> PROBLEM REQUIREMENTS
Copy out exactly the stretch below, from the line with "O total de desempregados" through the line with "På billedet: Time timer", both included; the pictures stay out.

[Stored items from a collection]
..........

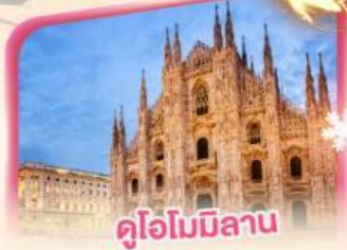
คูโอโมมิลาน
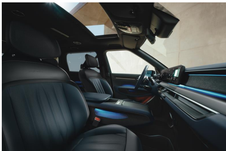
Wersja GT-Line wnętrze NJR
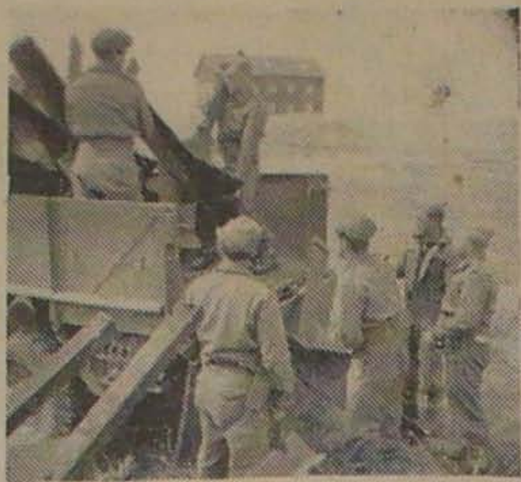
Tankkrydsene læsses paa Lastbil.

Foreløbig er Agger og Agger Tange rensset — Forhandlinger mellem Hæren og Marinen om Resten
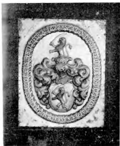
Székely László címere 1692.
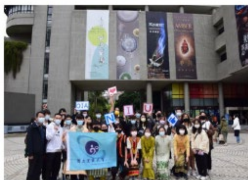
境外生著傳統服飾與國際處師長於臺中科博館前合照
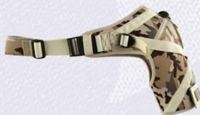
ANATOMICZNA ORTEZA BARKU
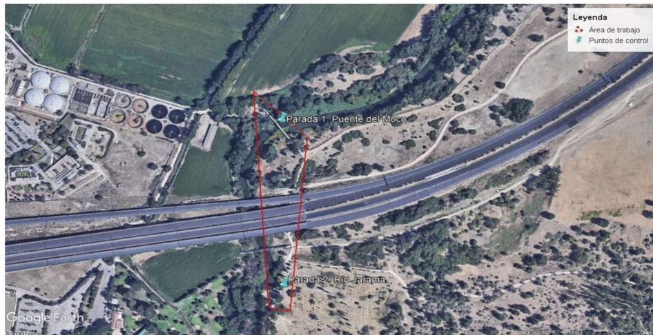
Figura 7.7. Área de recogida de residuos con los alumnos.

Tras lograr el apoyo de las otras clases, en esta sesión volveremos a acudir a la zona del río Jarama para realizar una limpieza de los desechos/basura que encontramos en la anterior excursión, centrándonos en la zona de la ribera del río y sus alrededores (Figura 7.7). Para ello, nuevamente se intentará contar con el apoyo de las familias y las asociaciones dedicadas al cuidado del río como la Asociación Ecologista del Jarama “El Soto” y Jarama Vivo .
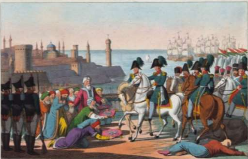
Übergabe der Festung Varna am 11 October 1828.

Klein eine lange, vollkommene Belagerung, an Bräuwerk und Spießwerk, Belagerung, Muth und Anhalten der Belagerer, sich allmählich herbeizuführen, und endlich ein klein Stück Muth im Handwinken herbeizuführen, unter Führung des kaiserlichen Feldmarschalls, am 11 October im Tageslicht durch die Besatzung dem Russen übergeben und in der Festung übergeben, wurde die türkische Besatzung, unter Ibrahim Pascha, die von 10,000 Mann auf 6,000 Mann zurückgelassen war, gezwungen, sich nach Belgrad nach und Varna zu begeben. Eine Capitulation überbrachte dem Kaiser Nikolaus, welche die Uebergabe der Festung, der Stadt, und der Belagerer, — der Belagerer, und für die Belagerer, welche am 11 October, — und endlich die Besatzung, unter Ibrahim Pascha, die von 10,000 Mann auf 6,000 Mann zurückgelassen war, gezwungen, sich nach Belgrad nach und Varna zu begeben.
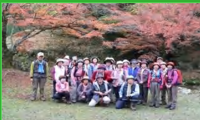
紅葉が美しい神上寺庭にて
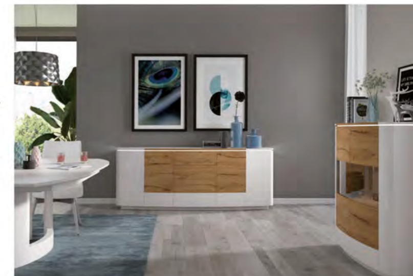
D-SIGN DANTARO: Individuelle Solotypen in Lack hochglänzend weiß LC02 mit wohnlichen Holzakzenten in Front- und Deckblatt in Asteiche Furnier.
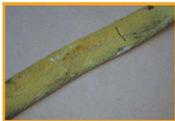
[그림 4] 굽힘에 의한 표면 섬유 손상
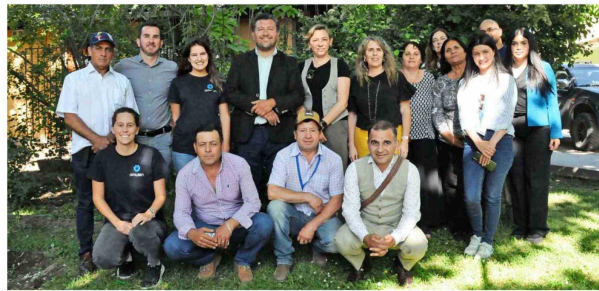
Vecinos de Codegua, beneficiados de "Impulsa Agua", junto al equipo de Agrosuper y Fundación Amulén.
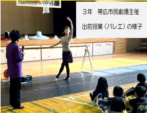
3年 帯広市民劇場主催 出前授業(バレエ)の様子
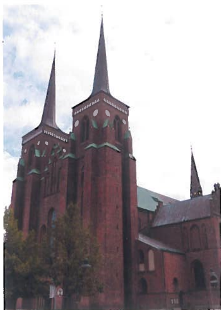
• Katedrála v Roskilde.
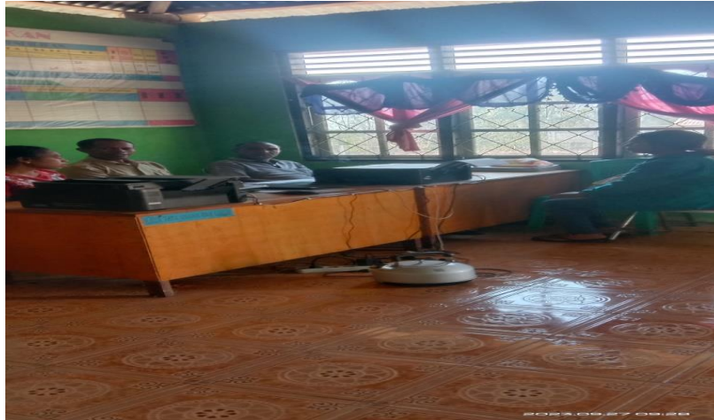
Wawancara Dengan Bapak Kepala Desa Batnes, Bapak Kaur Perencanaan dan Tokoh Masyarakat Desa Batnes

..........

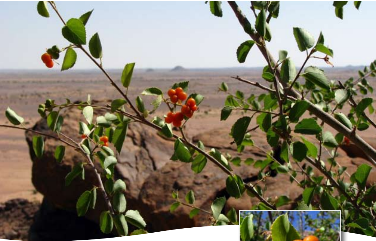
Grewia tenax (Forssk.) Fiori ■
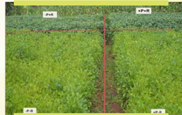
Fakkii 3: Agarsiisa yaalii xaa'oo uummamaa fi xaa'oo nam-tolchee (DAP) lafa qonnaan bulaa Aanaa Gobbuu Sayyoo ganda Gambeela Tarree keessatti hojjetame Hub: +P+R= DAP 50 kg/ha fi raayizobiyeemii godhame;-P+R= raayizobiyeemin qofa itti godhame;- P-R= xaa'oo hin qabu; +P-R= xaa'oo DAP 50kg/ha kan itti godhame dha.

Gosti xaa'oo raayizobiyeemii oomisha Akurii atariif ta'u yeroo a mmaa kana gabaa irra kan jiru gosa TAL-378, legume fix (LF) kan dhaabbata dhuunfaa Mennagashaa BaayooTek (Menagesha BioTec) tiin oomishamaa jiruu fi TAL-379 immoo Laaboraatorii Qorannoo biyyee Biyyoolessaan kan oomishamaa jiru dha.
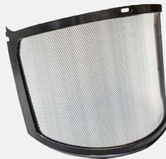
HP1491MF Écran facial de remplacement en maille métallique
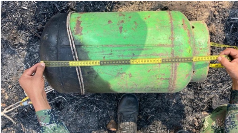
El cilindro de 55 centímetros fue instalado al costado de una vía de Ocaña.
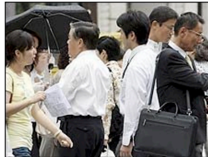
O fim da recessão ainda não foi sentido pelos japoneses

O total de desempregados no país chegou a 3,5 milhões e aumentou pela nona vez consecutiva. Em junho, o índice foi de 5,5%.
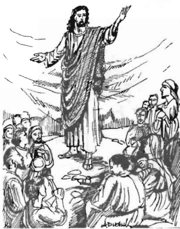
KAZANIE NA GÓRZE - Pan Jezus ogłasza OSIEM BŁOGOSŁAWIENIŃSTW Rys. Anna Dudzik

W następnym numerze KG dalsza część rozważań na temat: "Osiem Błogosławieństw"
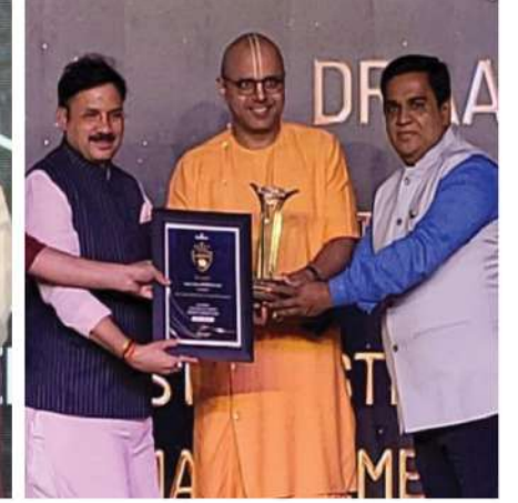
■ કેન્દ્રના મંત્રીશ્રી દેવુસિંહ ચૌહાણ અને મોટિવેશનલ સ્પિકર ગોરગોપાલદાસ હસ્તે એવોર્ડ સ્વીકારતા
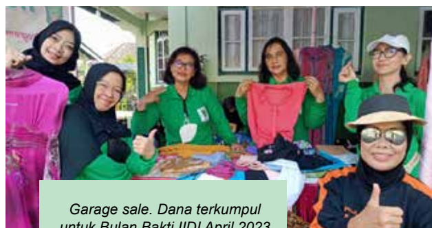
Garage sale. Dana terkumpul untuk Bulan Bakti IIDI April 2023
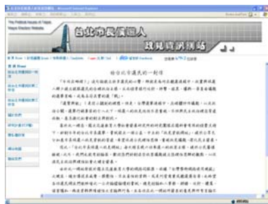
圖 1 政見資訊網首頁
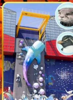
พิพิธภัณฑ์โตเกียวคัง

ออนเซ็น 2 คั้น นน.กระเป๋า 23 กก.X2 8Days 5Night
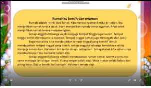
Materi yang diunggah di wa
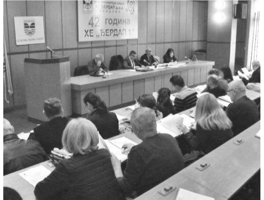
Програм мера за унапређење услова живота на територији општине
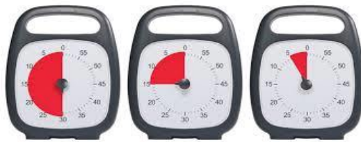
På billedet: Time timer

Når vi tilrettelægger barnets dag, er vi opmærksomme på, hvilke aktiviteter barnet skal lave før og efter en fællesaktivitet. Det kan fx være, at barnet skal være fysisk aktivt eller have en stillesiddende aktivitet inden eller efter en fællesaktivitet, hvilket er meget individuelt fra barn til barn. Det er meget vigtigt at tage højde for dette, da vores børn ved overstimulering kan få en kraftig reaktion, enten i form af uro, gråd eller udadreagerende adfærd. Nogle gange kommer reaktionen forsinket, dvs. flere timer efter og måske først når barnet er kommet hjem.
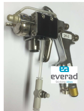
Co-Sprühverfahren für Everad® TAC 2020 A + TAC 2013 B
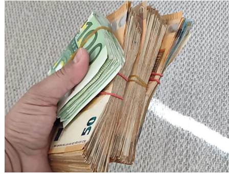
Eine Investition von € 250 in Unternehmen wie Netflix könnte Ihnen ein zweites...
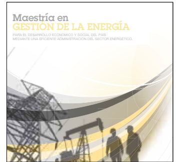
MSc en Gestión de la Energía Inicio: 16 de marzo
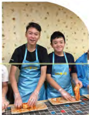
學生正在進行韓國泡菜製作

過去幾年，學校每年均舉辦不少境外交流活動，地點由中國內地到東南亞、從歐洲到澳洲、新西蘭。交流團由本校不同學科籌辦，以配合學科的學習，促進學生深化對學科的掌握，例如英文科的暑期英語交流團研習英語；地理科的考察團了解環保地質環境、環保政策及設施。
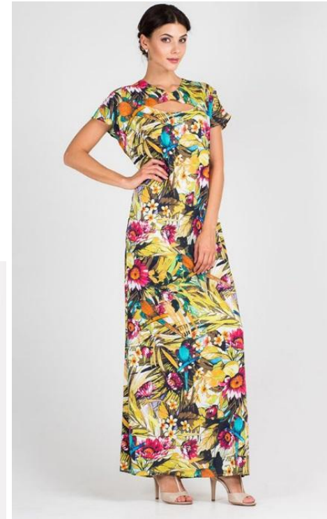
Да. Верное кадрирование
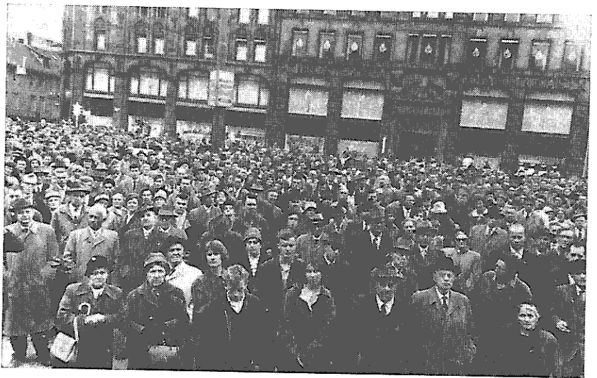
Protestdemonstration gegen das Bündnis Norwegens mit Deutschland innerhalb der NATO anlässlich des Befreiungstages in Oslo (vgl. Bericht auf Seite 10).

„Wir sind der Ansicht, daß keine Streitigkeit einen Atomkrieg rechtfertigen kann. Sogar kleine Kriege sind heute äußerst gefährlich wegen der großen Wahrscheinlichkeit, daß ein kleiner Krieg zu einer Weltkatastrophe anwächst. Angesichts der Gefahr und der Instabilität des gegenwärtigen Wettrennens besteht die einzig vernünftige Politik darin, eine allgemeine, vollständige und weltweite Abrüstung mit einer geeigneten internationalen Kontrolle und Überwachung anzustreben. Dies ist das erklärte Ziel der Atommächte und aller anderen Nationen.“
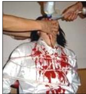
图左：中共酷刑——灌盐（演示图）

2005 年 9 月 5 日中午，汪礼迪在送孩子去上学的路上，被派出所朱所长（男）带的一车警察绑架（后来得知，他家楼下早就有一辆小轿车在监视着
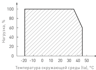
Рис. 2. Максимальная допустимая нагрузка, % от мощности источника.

..........

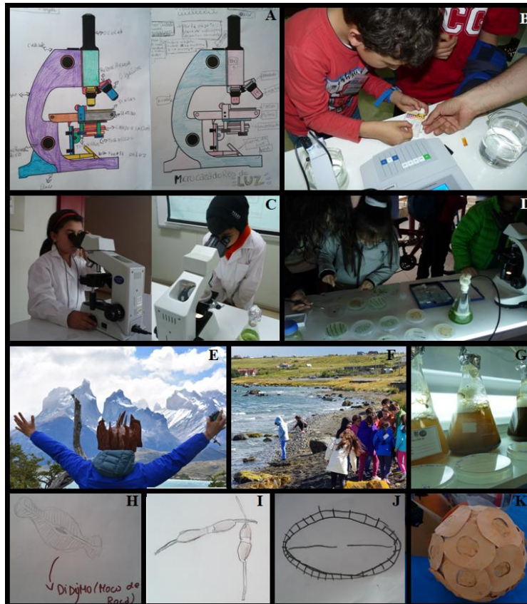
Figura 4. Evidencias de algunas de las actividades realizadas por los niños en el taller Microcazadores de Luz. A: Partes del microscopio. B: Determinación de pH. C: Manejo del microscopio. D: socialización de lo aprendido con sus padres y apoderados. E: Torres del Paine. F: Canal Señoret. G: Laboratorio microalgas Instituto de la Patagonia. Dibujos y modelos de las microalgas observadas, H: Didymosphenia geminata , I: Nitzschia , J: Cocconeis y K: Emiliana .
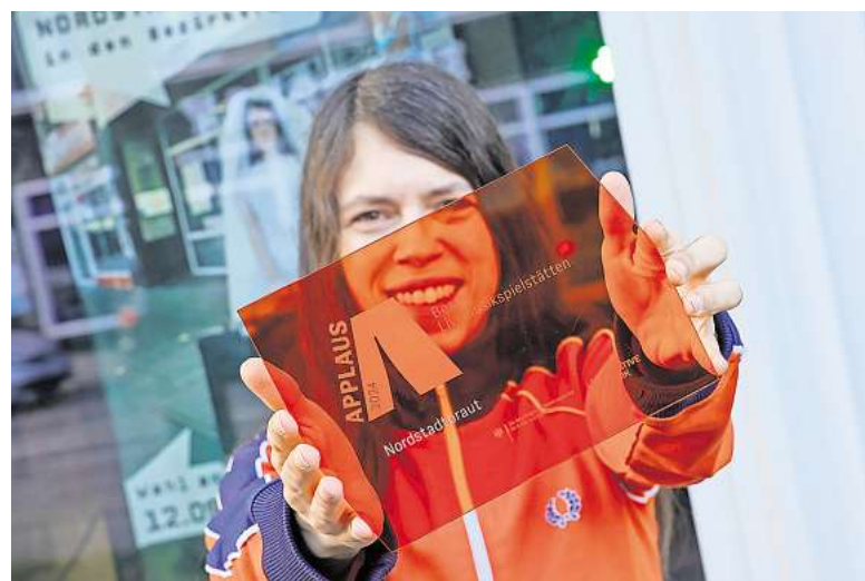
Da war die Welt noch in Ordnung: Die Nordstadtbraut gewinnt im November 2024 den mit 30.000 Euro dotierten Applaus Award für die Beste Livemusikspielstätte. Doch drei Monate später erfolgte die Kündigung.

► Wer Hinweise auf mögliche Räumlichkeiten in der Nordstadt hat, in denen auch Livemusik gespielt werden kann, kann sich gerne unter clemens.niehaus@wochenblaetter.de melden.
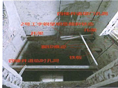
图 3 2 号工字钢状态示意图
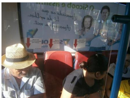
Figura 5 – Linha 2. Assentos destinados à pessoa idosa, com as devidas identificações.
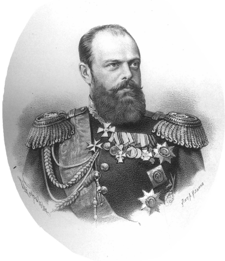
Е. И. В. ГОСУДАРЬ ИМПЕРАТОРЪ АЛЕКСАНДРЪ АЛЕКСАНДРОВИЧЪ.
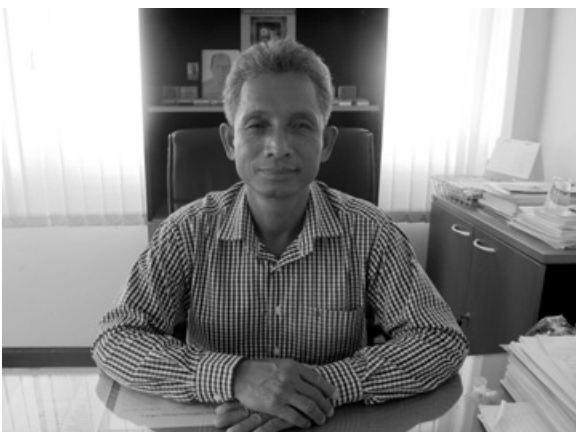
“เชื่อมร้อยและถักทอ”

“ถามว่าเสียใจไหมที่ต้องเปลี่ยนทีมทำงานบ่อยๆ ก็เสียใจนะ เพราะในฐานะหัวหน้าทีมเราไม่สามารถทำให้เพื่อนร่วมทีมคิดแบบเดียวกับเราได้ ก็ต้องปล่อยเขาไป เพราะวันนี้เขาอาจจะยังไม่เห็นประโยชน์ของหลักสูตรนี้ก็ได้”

..........

> RESULT OF THE EXERCISE
O total de desempregados no país chegou a 3,5 milhões e aumentou pela nona vez consecutiva. Em junho, o índice foi de 5,5%.
KAZANIE NA GÓRZE - Pan Jezus ogłasza OSIEM BŁOGOSŁAWIENIŃSTW Rys. Anna Dudzik

W następnym numerze KG dalsza część rozważań na temat: "Osiem Błogosławieństw"
■ કેન્દ્રના મંત્રીશ્રી દેવુસિંહ ચૌહાણ અને મોટિવેશનલ સ્પિકર ગોરગોપાલદાસ હસ્તે એવોર્ડ સ્વીકારતા
Garage sale. Dana terkumpul untuk Bulan Bakti IIDI April 2023
圖 1 政見資訊網首頁
พิพิธภัณฑ์โตเกียวคัง

ออนเซ็น 2 คั้น นน.กระเป๋า 23 กก.X2 8Days 5Night
Materi yang diunggah di wa
Програм мера за унапређење услова живота на територији општине
På billedet: Time timer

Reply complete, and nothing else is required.